Leveraging Κ-nn for generic classification boosting

Abstract

k-nearest neighbors (k-NN) voting rules are an effective tool in countless many machine learning techniques. In spite of its simplicity, k-NN classification is very attractive to practitioners, as it has shown very good performances in practical applications. However, it suffers from various drawbacks, like sensitivity to “noisy” prototypes and poor generalization properties when dealing with sparse, high-dimensional data. In this paper, we tackle the k-NN classification problem at its core by providing a novel k-NN boosting approach.
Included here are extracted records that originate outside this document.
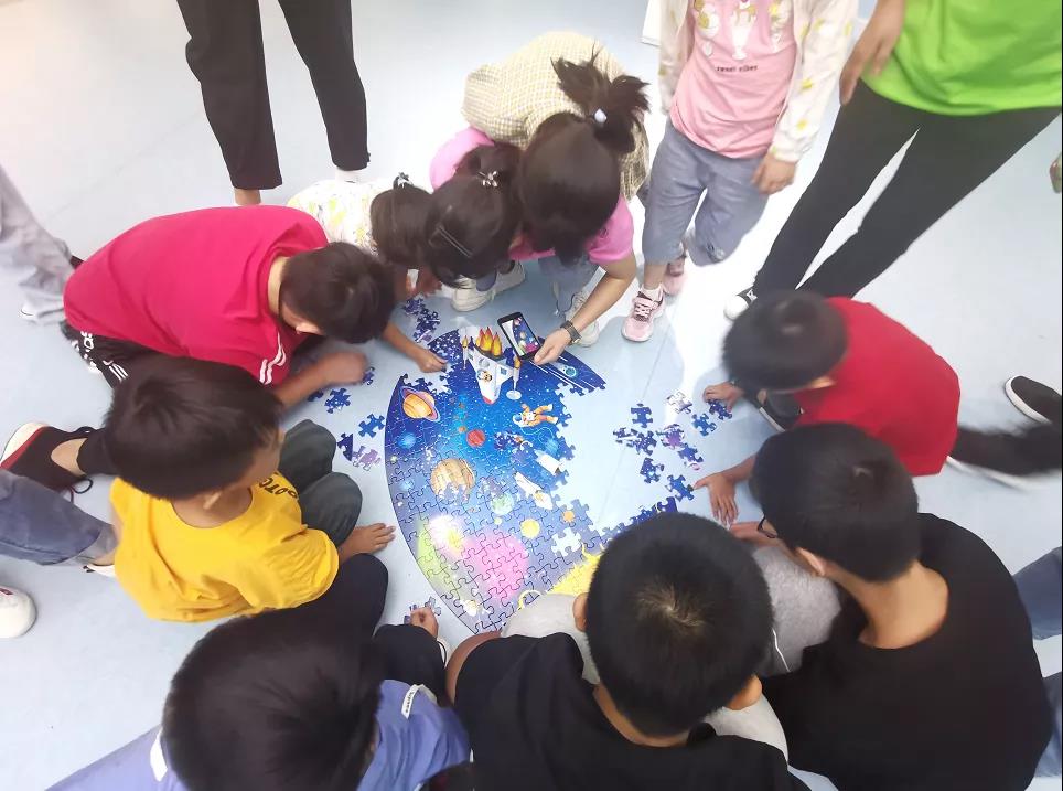 現(xiàn)場(chǎng)志愿者姐姐們還為即將參與活動(dòng)的小朋友準(zhǔn)備了不少游戲和小禮品,想想就有點(diǎn)小期待呢。航天手繪,繪出五彩繽紛的色彩;立體拼圖,和小伙伴一起發(fā)掘不一樣的世界?,F(xiàn)場(chǎng)還有突突突突突突的泡泡機(jī)~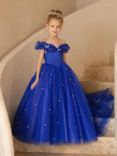 • 🎀FEATURES:Elegant off the shoulder puffy tulle flower girl dresses for wedding with bow and pearls,floor lenth a-line tulle first communion formal dress for toddler girls kids.HEWEGO provide popular colors and US 2 -US 14 sizes for your little princess. Long high wasit formal pageant dress make you kids more elegant and noble at any special moment. You princess will receive many compliments on this beautiful dress!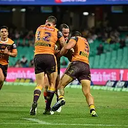 - grapple tackle – a controversial rugby league tackling technique similar to a chokehold.[22]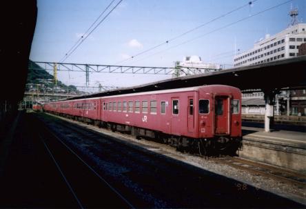 さて、九州での日程も早、5日目になった。今日は筑豊本線の客車列車を仕切ることから始まる。まずは折尾へいく。博多からの普通列車は新型の813系である。折尾から一つ先の東水巻まで客車を迎えに行く。DD51に引かれた6両編成の50系がやってきた。通勤時間帯のため車内は席が埋まるくらいの乗車率だ。このまま終点の門司港までゆく。筑豊本線は篠栗線とともに電化の予定だから、この客車列車もいつまで残るか時間の問題である。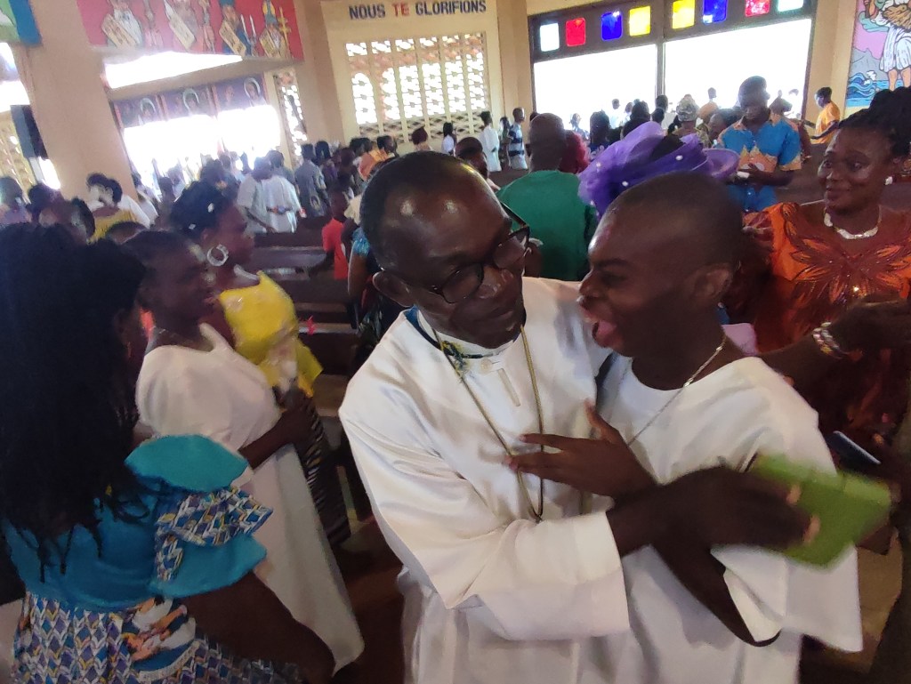 Molti rimangono colpiti da questo evento e come nella tradizione miracolistica africana invocano un intervento divino per la sua guarigione completa. Ma in fondo Koffi mi sembra l’unico sano, una persona serena, vissuto come scarto di una società che non accetta la disabilità, ma di fronte a tutto questo ha sempre risposto con il sorriso e i suoi versi strani. Forse gli unici malati siamo noi, incapaci di prendersi cura di questo ragazzo in difficoltà. Almeno il giorno del suo battesimo è stato al centro dell’attenzione di una comunità, chissà che questo cammino della nostra guarigione possa continuare o se sia solo il fuoco di paglia di una giornata…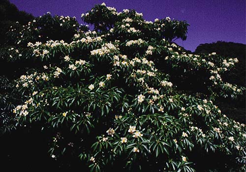 An evergreen tree which can be seen growing over a wide area near seacoasts from second stage to chinquapin forests It blooms with a pale yellow flower during the rainy season in May and June and the blooms add a touch of brightness to the rainy forest.

We propose a Universal Nearest Neighbors (UNN) algorithm, which induces a leveraged k-NN rule by globally minimizing a surrogate risk upper bounding the empirical misclassification rate over training data. Interestingly, this surrogate risk can be arbitrary chosen from a class of Bregman loss functions, including the familiar exponential, logistic and squared losses. Furthermore, we show that UNN allows to efficiently filter a dataset of instances by keeping only a small fraction of data. Experimental results on the synthetic Ripley's dataset show that such a filtering strategy is able to reject “noisy” examples, and yields a classification error close to the optimal Bayes error. Experiments on standard UCI datasets show significant improvements over the current state of the art.